And then it gives the chance for the old-timers to lord over the newbies here,
so there's a bit of that.

This particular article, however, is somewhat of a special case. The fact that
programmers don't seem to understand big-O notation is a concern to me. I
think it is as fundamental to programming as knives are to a chef, something
that should be learned in any CS study, or intuitive to any self-taught
programmer.

------
dvanduzer
Surely someone out there has pinterested this along with that old relational-
databases-as-Venn-diagrams post into a giant textbook of accessible computer
science.

(This is a serious request.)

------
felixmar
I think this shows how powerful mathematical notation really is once you
understand the concepts (which i admit is not easy). One formal definition
versus pages of explanations. It's the same with other programming concepts
like monads. Many have written blog posts explaining monads in Haskell and
those are great to learn how to apply them but in the end the formal
definitions explain them best.

------
10098
<http://en.wikipedia.org/wiki/Big_O_notation> \- see "formal definition". The
core of it is one sentence in english, and it's even shorter if you choose to
use only mathematical notation.

All you need to know in the context of applying this to algorithms is that
there has to be some notion of "size" for the problem, and the time it takes
for the algorithm to complete is a function of that size.

Once you internalize that, understanding complexity analysis will be much
easier. You don't have to memorize complexities of common algorithms.

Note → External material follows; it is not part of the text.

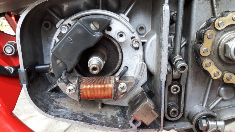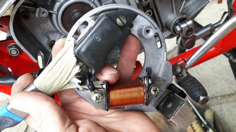 5 - Pendant que l'on a le nez dans l'allumage, autant en faire un bon nettoyage: l'étanchéité du carter est relative et ça devient vite un gros nid à m....!

I'm not really sure why it's so difficult to wrap your head around this
concept, but apparently it _is_ difficult. This is the second time I'm seeing
this link on HN in the past month, I think.

------
snorkel
O is how you choose to work on something, like how you choose to wash the
dishes.

n is how many dishes you have to wash.

Which is faster? Washing, then drying, then putting away each dish one after
the other, or washing all of the dishes, then drying all of the dishes, then
putting them all away?

If n is 1 then either method is the same. If n is 10 then maybe the first
approach is a little less efficient, but when n is 100 then obviously the
batched approach is more efficient.

Big O notation is just the formal way of comparing which algorithm is more
efficient when applied to large data sets.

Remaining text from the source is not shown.